Au total, la théorie des jeux peine à expliquer la coopération à partir de comportements
individualistes et calculateurs. Même si les individus ont des objectifs divergeants voire
conflictuels comme le décrit le cadre du dilemme du prisonnier, ils sont amenés à coopérer
pour tisser des relations sociales. Or, la théorie des jeux a du mal à fournir une nécessité
théorique à de telles attitudes.
Si l'accord a du mal à émerger de comportements strictement individuels, c'est peut-être qu'il
nécessite l'existence d'un cadre commun pour s'exprimer. Telle est la problématique des jeux de
pure coordination au sens de Schelling (1960).

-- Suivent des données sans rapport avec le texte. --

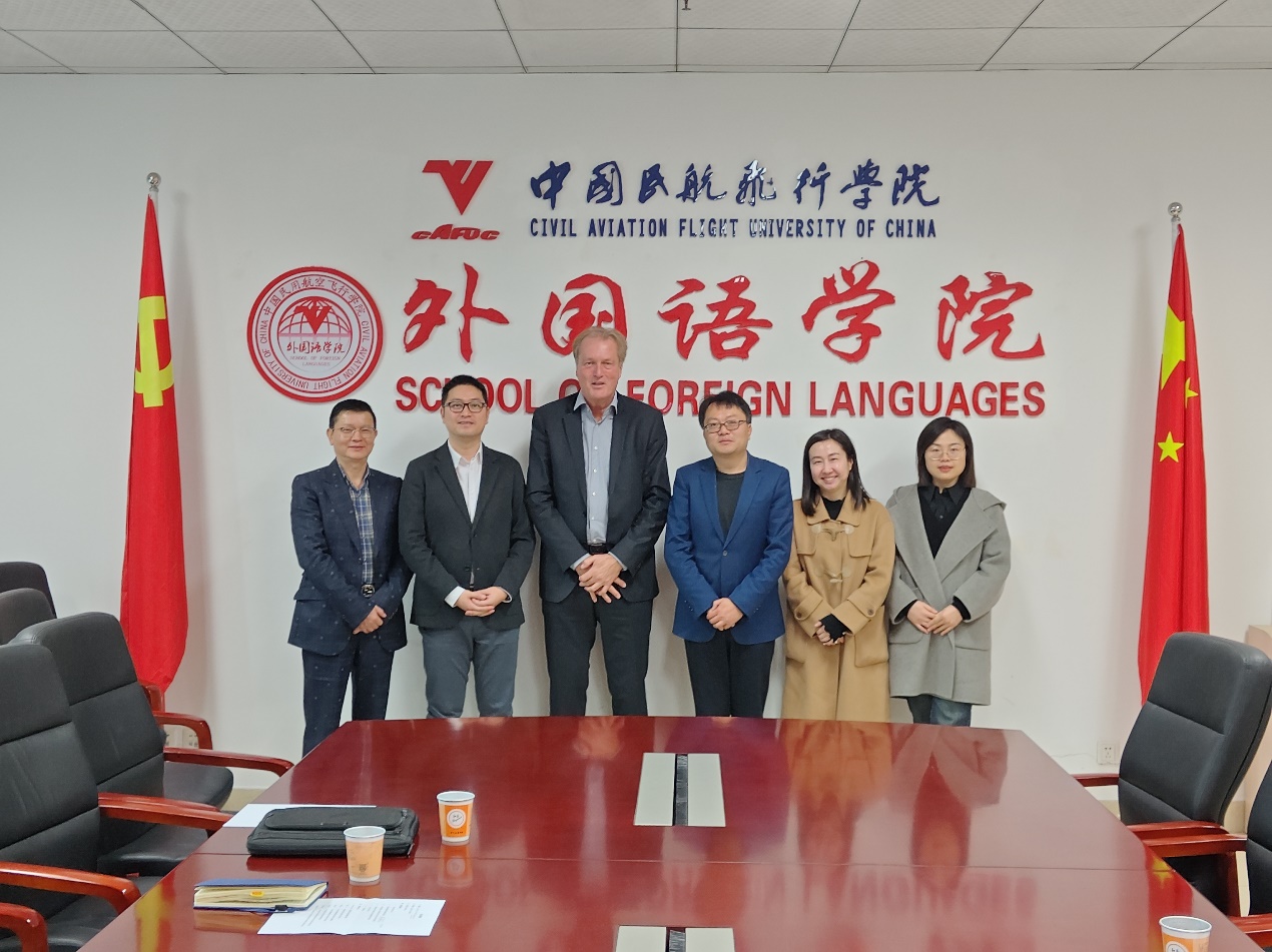 2023年11月29日上午,Speexx公司全球总裁Armin Hopp先生一行到访中国民用航空飞行学院(以下简称中飞院)beat365官方网站,与beat365官方网站肖凌院长及大学英语第二教研室的主要负责人周丹强玉、邹佳静老师就Speexx高校项目在飞行学生的推广和应用情况进行了热烈的交流。
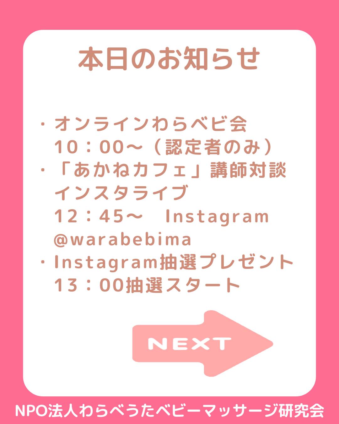 【本日のお知らせ】・10:00~わらベビ会(認定者のみ)・12:45~助産師のあかねカフェ 講師対談インスタライブ講師:永井知子先生Instagram @warabebima ライブ後抽選スタート【Instagram抽選プレゼント】★抽選期間:2月4日~2月27日★今月は、オリジナル音源ダウンロード版わらべうたベビーマッサージ書籍を限定2名様へプレゼント!★NPO法人わらべうたベビーマッサージ研究会のInstagram @warabebima をフォローしていただいた方の中から抽選プレゼント!【抽選ご希望の方】★@warabebimaをフォロー★Instagramのプロフィール画面の linktr.ee/warabebi をクリック!★リンク14.をクリック!★「Instagram抽選プレゼントお申込みフォーム」よりお申込みくださいご応募いただいた方の中から厳正なる抽選を行い当選者を決定いたします。当選発表は、プレゼントの発送をもって発表に代えさせていただきます。※プレゼント内容や当選人数、抽選期間は毎月変わります。抽選期間外のお申込みは無効となりますのでご注意ください。これからもわらベビ最新ニュースや耳より情報をどんどん発信していきますどうぞ、お楽しみに♪@warabebima @MomokaIiyama@minawarawa@kumikodktsk  @akemiokuda @chimugurisako#NPO法人わらべうたベビーマッサージ研究会#わらべうたベビーマッサージ#助産師が考案#Instagram抽選プレゼント#子育て#ベビーマッサージ #赤ちゃん #親子の絆作り #助産師#限定品 って魅力的!#日本传统婴幼儿按摩儿歌#请多多关照#非常感謝
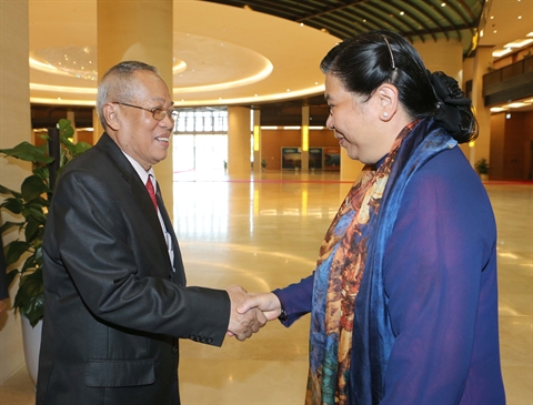 | La vice-présidente permanente de l’Assemblée nationale du Vietnam, Tong Thi Phong, et le premier vice-président du Sénat du Cambodge, Nay Pena, le 9 août à, le 9 août à Hanoï. |
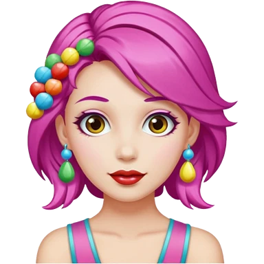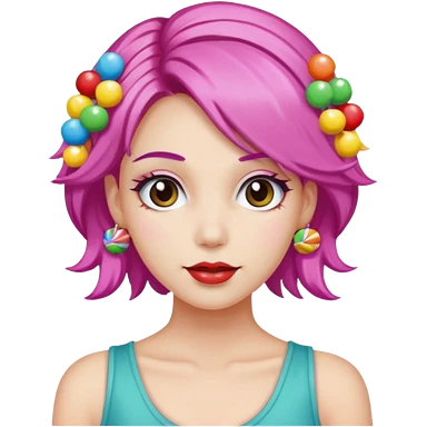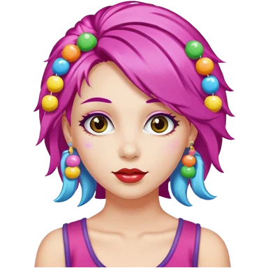 colorful hair woman with candy accessories, not holding a candy emoji
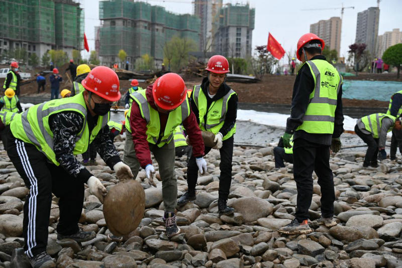 活動中,指揮部成立黨員突擊隊,黨員干部沖在前線,臨夏工程公司及各項目班子成員率先垂范,邊示范、邊指導(dǎo),走進職工和勞務(wù)人員的隊伍當中,與他們一起參與湖底卵石鋪筑,充分發(fā)揮了黨員模范先鋒作用。從清晨一場突如其來的雨夾雪到正午的烈日暖陽再到傍晚的涼風習習,全體干部職工在黨組織的帶領(lǐng)下,不怕苦、不怕累,你拉我一把、我扶他一下,團結(jié)協(xié)作,圓滿完成義務(wù)勞動。
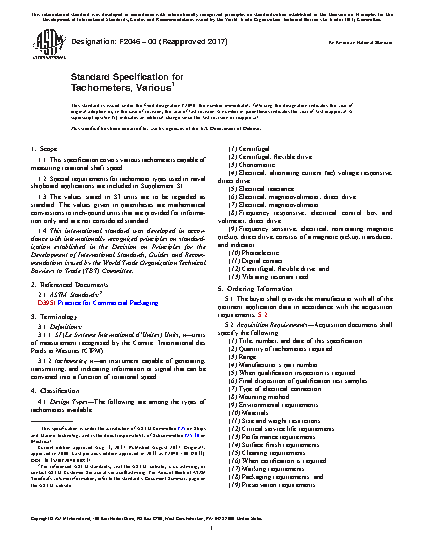 1.1 This specification covers various tachometers capable of measuring rotational shaft speed.
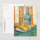 Eine Kunstpostkarte mit Vincent van Gogh's postimpressionistischem Gemälde, der ein niederländischer Künstler war, Still Life mit Decanter und Zitronen auf einem Tafel (1887). Ein Set mit Glaskaraffe und Früchten auf einem Tisch vor einem Hintergrund aus Tapeten.
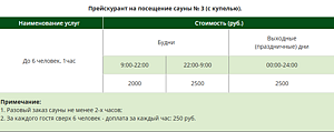 Отличительной особенностью одной сауны (Сауна №3) является наличие бассейна (2х3 метра) и бильярдного стола.
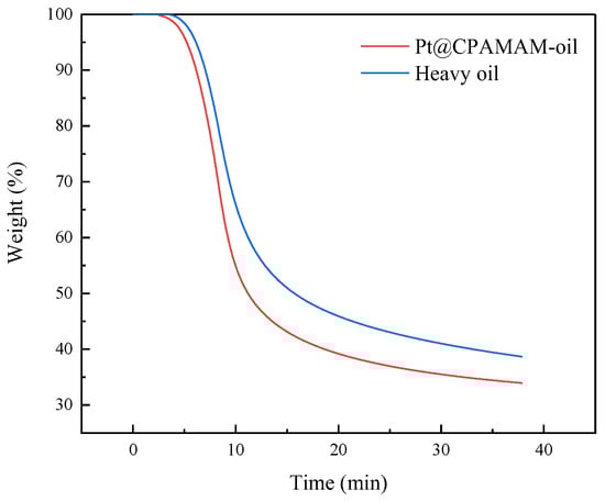 Figure 9 shows a comparison of the rates of cracking of heavy oil with 0.1 wt% Pt@CPAMAM after rapid heating at 100 °C/min to 350 °C and at constant temperature. The heavy oil containing the nanometal decomposed faster during the initial stage of decomposition, and the final residual mass decreased from 38.67% to 33.94%, which improves the conversion rate by approximately 5%. The heavy oil added to the nanometal fluids underwent a deeper cracking reaction at the same temperature, and the catalyst promoted the cracking of heavy oil under high-temperature conditions.
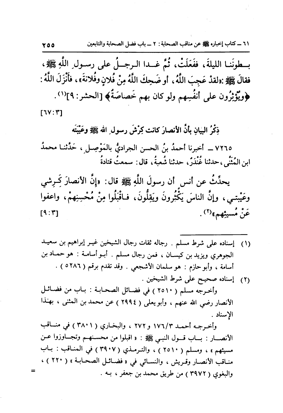 7265- أَخْبَرَنَا أَحْمَدُ بْنُ الْحَسَنِ الْجَرَادِيُّ بِالْمَوْصِلِ حَدَّثَنَا مُحَمَّدُ بْنُ الْمُثَنَّى حَدَّثَنَا غُنْدَرٌ حَدَّثَنَا شُعْبَةُ قَالَ سَمِعْتُ قَتَادَةَ يُحَدِّثُ عَنْ أَنَسٍ: أَنَّ رَسُولَ اللَّهِ صَلَّى اللَّهُ عَلَيْهِ وَسَلَّمَ قَالَ: "إِنَّ الْأَنْصَارَ كَرِشِي وَعَيْبَتِي وَإِنَّ النَّاسَ يَكْثِرُونَ وَيَقِلُّونَ فاقبلوا من محسنهم واعفوا عن مسيئهم" 1. [3: 9]
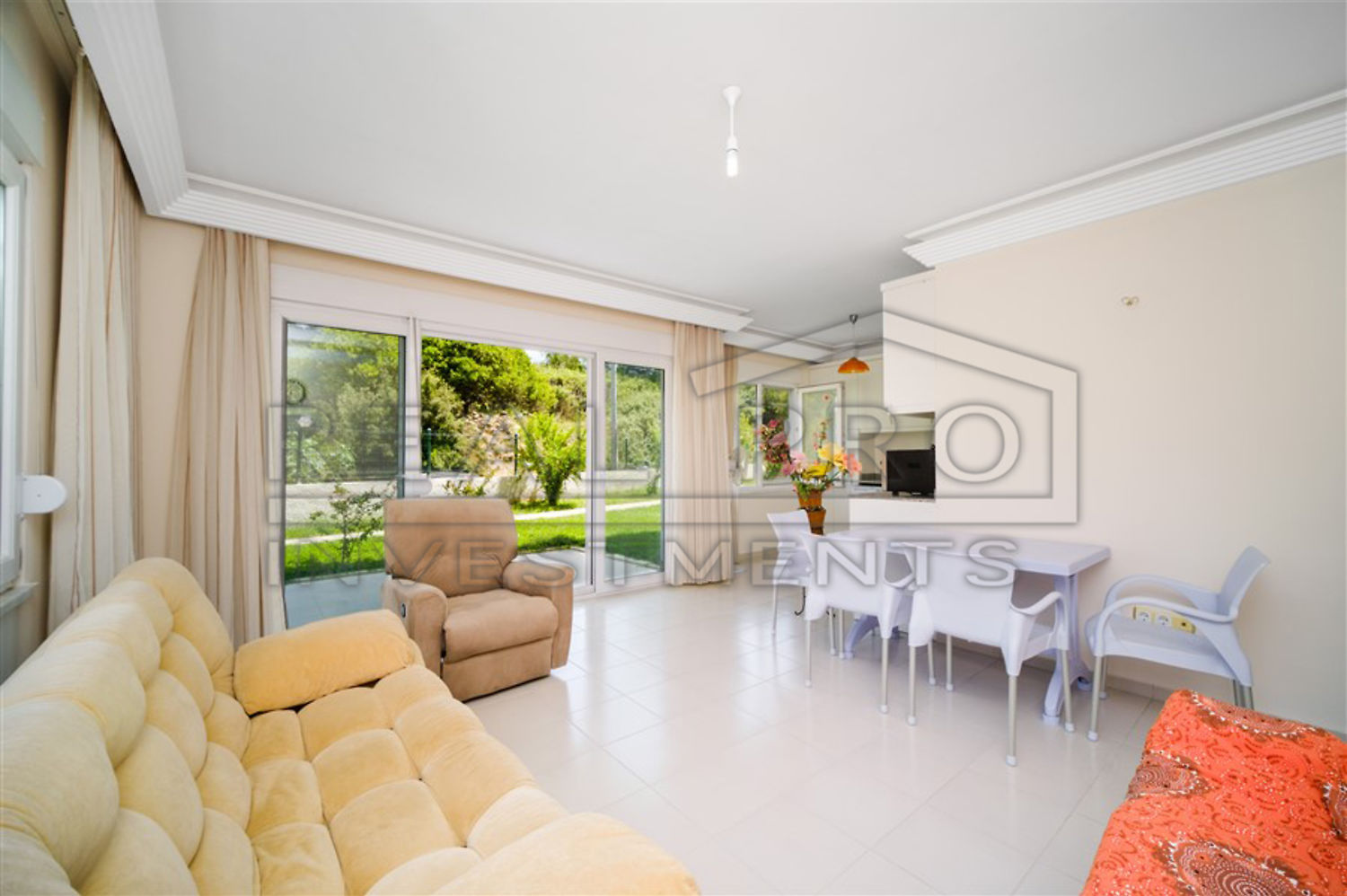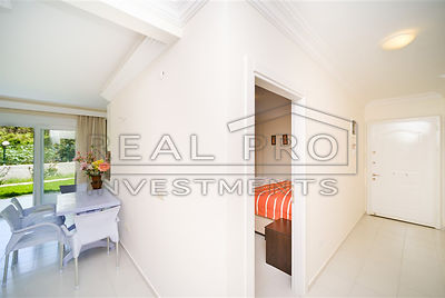 - Een comfortabele gestoffeerde bank en een beige fauteuil in de salon worden aangevuld met bijpassende gordijnen en een functionele ivoorkleurige kitchenette met een koelkast en een vaatwasser. De woonkamer heeft ook een eettafel en een klein extra bed voor eventuele gasten. De ruime slaapkamer is uitgerust met een comfortabel bed en een ruime kledingkast, de kleine schilderijen aan de muren zijn heldere accenten in het interieur. Het grote voordeel van het appartement is de toegang vanuit de woonkamer tot de tuin, waar u kunt ontbijten, traditionele theekransjes of picknicks kunt houden, een barbecue, hangmat of schommel kunt installeren en optimaal kunt genieten van de omgeving.

Un exemple simple va nous permettre d'expliciter cette notion. Deux personnes se sont perdues
et cherchent à se retrouver. Deux solutions s'offrent à elles: aller en un point A ou aller en un
point B sachant que B est plus éloigné que A. Ce jeu (appelé "problème du rendez-vous")
admet deux équilibres de Nash: les deux joueurs vont en A d'une part et les deux joueurs vont
en B d'autre part. Seul le premier de ces équilibres est Paréto - optimal car les coûts de
déplacement sont moindres.
Pourtant, il n'y a aucune raison pour que la meilleure solution soit celle adoptée par les joueurs.
En effet, les joueurs pourront préférer aller en B (alors que c'est beaucoup plus éloigné que A)
parce qu'il existe une habitude acquise de se retrouver en B. L'endroit présente une prégnance
ou une réputation particulière et il s'impose naturellement aux agents. C'est le cas, par exemple,
des points de rencontre dans les lieux publics (aéroports, gares, etc..) ou eux forgés de leur
propre chef par un couple d'acteurs (il n'est pas nécessaire que les points de rencontre soient
universels).
La coordination s'effectue sur la base d'une convention définie par Lewis (1969) au sens d'une
régularité de comportement. Cette régularité est une convention dans une population donnée si
chacun s'y conforme et si chacun s'attend à ce que les autres en fassent autant. La convention
est donc stable, ce qui assure son efficacité. Elle est, en effet, auto-réalisante. Chacun, non
seulement, maintient son action si les autres en font autant mais préfère qu'il en soit ainsi.
Une autre particularité fondamentale de la convention est qu'elle n'a pas besoin d'être optimale
pour s'imposer. On l'a vu avec le problème du rendez-vous. On peut également l'apprécier tous
les jours avec les institutions (feux, stop, priorités) qui règlent la circulation routière. La
priorité à droite n'est pas meilleure que la priorité à gauche. Pourtant, elle est respectée par les
automobilistes. On imagine les problèmes de coordination dans le cas contraire. De même, en
3 La démonstration est due à Kreps, Milgrom, Roberts et Wilson (1982).